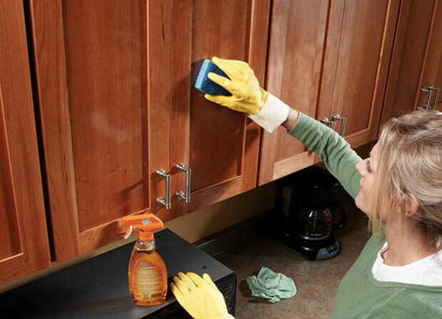 От жирного налёта на кухонной мебели не спасает даже мощная вытяжка, всё равно часть самых летучих фракций растительных и животных жиров минует её всасывающую решётку и понемногу осаждается на поверхностях. Так что остаётся только вовремя удалять жировой налёт, не давая ему закоксоваться – тогда уже придётся применять сильнодействующие средства, о которых я расскажу вам в конце материала. Чем удалять? Давайте знакомиться с простыми способами вернуть дереву шкафчиков его природную красоту. Хозяйственное мыло + питьевая сода Половину куска хозяйственного мыла натереть на крупной тёрке в металлическую посуду, добавить воды в соотношении примерно 1 : 1, поставить на слабый огонь и помешивая, добиться полного растворения мыла. Должна получиться вязкая масса с сильным мыльным запахом. Её нужно немного остудить (примерно до 40-50⁰С) и добавить в неё 2 столовые ложки питьевой соды (натрия бикарбоната). Полученную кашицу понемногу набирать на губку для мойки посуди и круговыми движениями р
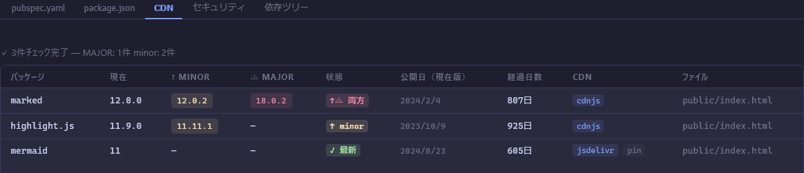 pubspecもpackageも綺麗に出せました。マイナー、メジャー両方が表示出来ます。 変わり種としては、CDNを利用しているhtml内の表記にも対応しています。こちらは流石に手で修正する必要がありますが。
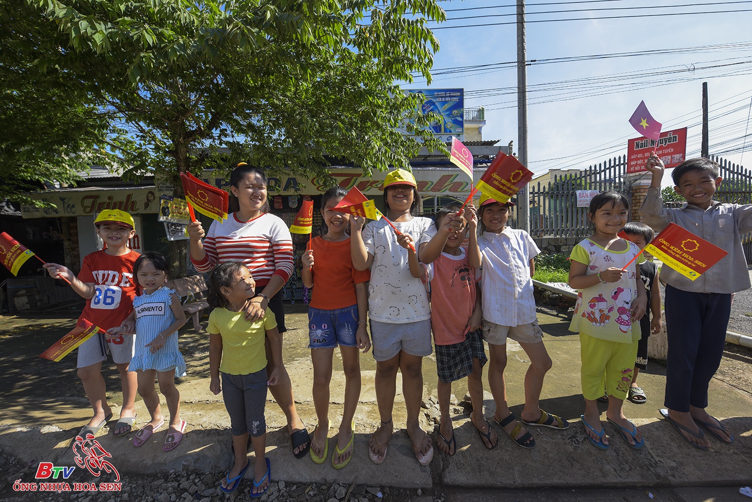 Các CĐV nhí hò reo chào mừng đoàn đua đi qua Đồng Nai
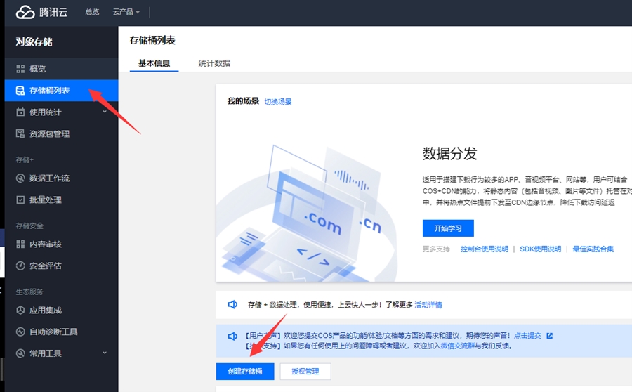 一、登录腾讯云,在云存储中创建【存储桶】名字自己写
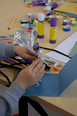 A school group sat around four tables, working on a creative project involving photos of sculpture, transparent sheeting and brightly coloured string.
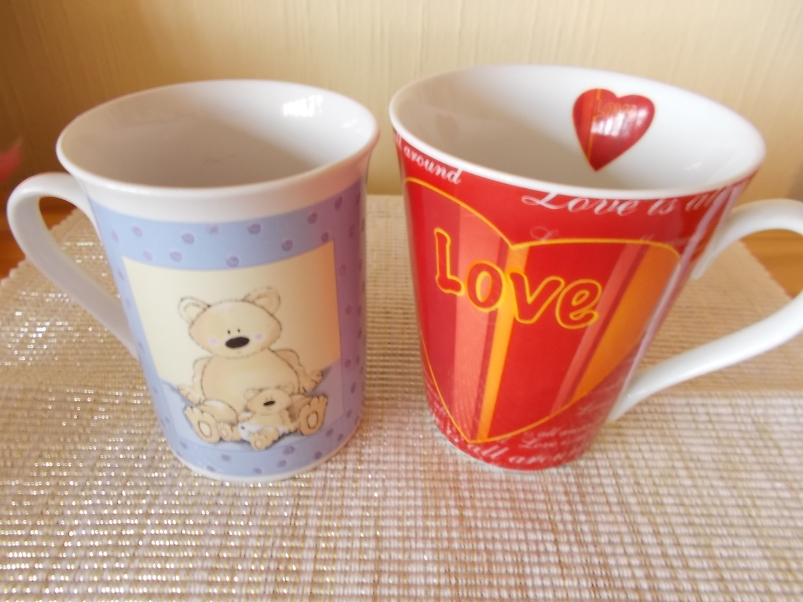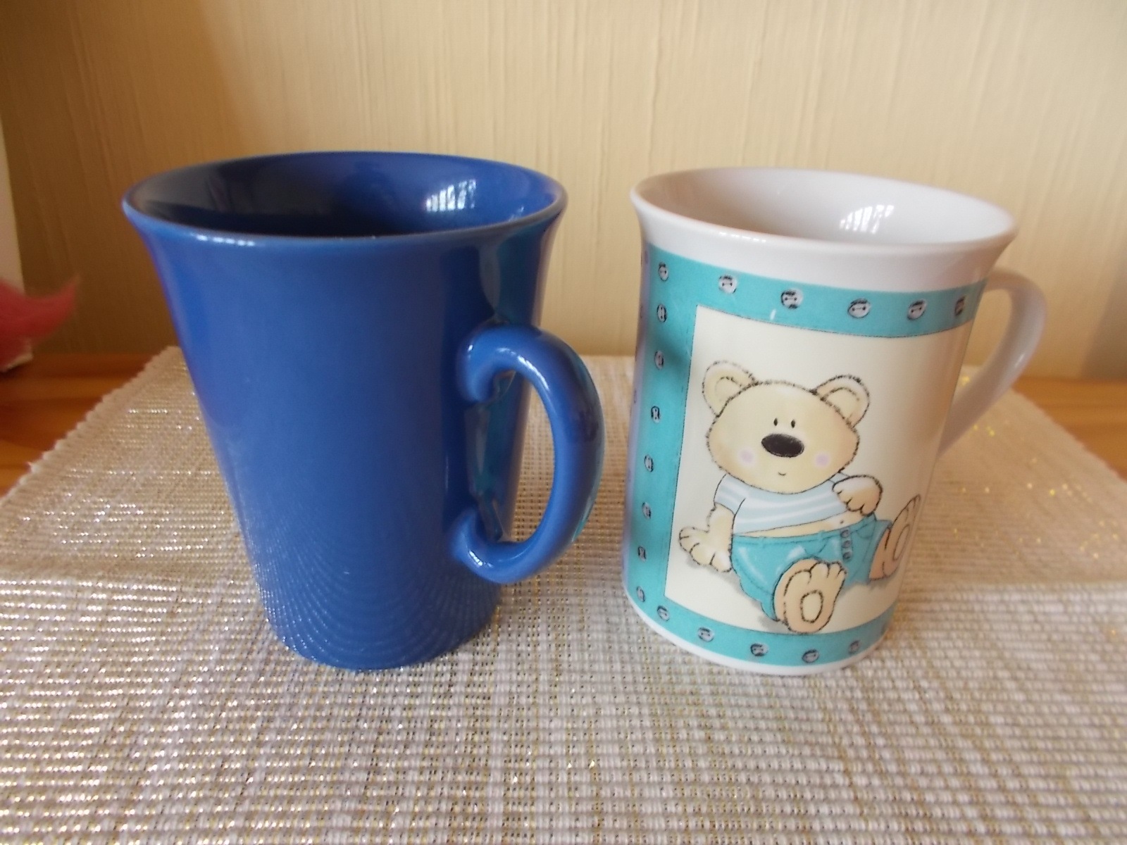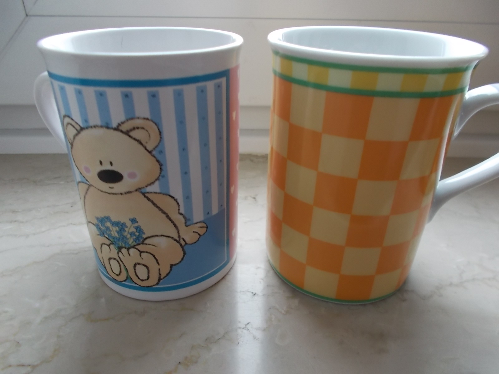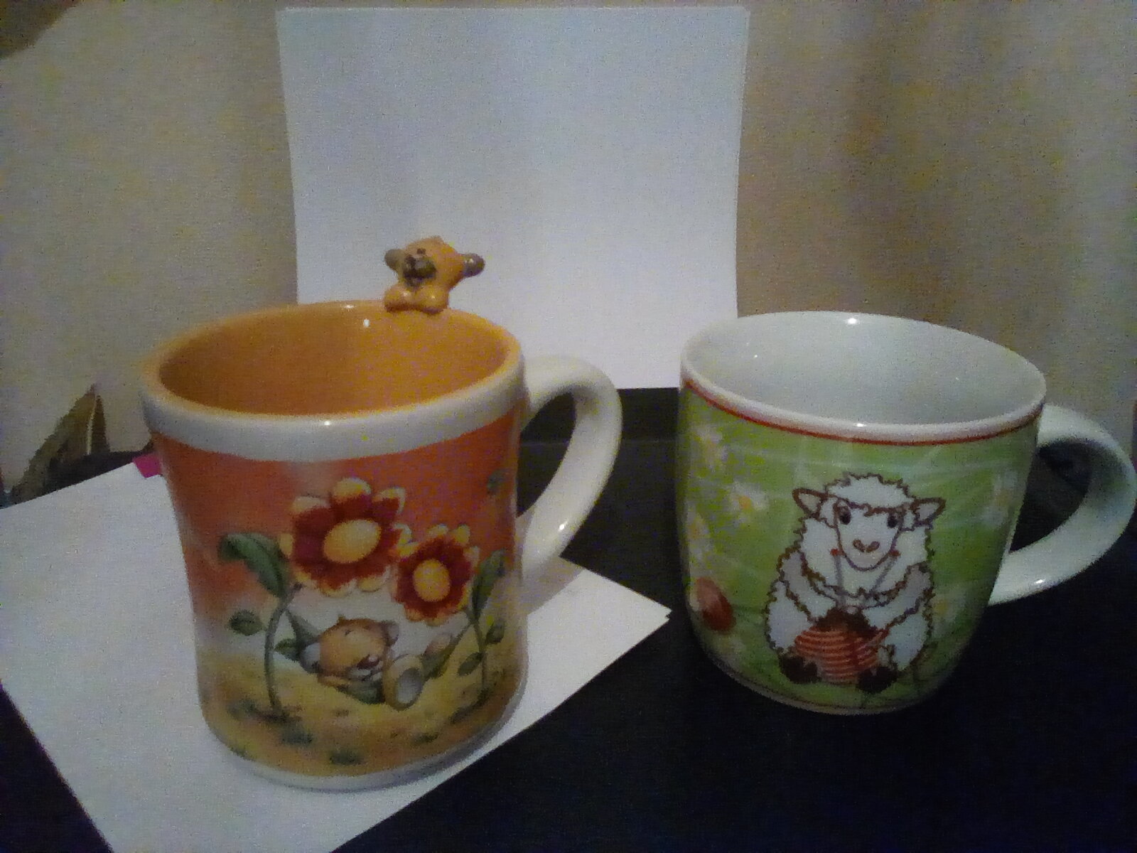Handbemalt sind auch diese (linkes Bild) - beide aus einem speziellen Geschäft. Ich hab früher mal Schildkröten gesammelt - wie man sieht - und die beiden Schildi-Tassen sind noch aus dieser Zeit. Auf dem rechten Bild ist nur die eine handbemalt. Die andere ist meine Gute Laune Tasse von Diddl.
━━━━━━━━━━━━━━━━━━━━━━━━━━━━━━
§ **ABOUT THIS EXERCISE**
Set down every entry above again exactly, dropping each picture.

§ **ANSWER FOR THIS EXERCISE**
 От жирного налёта на кухонной мебели не спасает даже мощная вытяжка, всё равно часть самых летучих фракций растительных и животных жиров минует её всасывающую решётку и понемногу осаждается на поверхностях. Так что остаётся только вовремя удалять жировой налёт, не давая ему закоксоваться – тогда уже придётся применять сильнодействующие средства, о которых я расскажу вам в конце материала. Чем удалять? Давайте знакомиться с простыми способами вернуть дереву шкафчиков его природную красоту. Хозяйственное мыло + питьевая сода Половину куска хозяйственного мыла натереть на крупной тёрке в металлическую посуду, добавить воды в соотношении примерно 1 : 1, поставить на слабый огонь и помешивая, добиться полного растворения мыла. Должна получиться вязкая масса с сильным мыльным запахом. Её нужно немного остудить (примерно до 40-50⁰С) и добавить в неё 2 столовые ложки питьевой соды (натрия бикарбоната). Полученную кашицу понемногу набирать на губку для мойки посуди и круговыми движениями р
 pubspecもpackageも綺麗に出せました。マイナー、メジャー両方が表示出来ます。 変わり種としては、CDNを利用しているhtml内の表記にも対応しています。こちらは流石に手で修正する必要がありますが。
 Các CĐV nhí hò reo chào mừng đoàn đua đi qua Đồng Nai
 一、登录腾讯云,在云存储中创建【存储桶】名字自己写
 A school group sat around four tables, working on a creative project involving photos of sculpture, transparent sheeting and brightly coloured string.
Handbemalt sind auch diese (linkes Bild) - beide aus einem speziellen Geschäft. Ich hab früher mal Schildkröten gesammelt - wie man sieht - und die beiden Schildi-Tassen sind noch aus dieser Zeit. Auf dem rechten Bild ist nur die eine handbemalt. Die andere ist meine Gute Laune Tasse von Diddl.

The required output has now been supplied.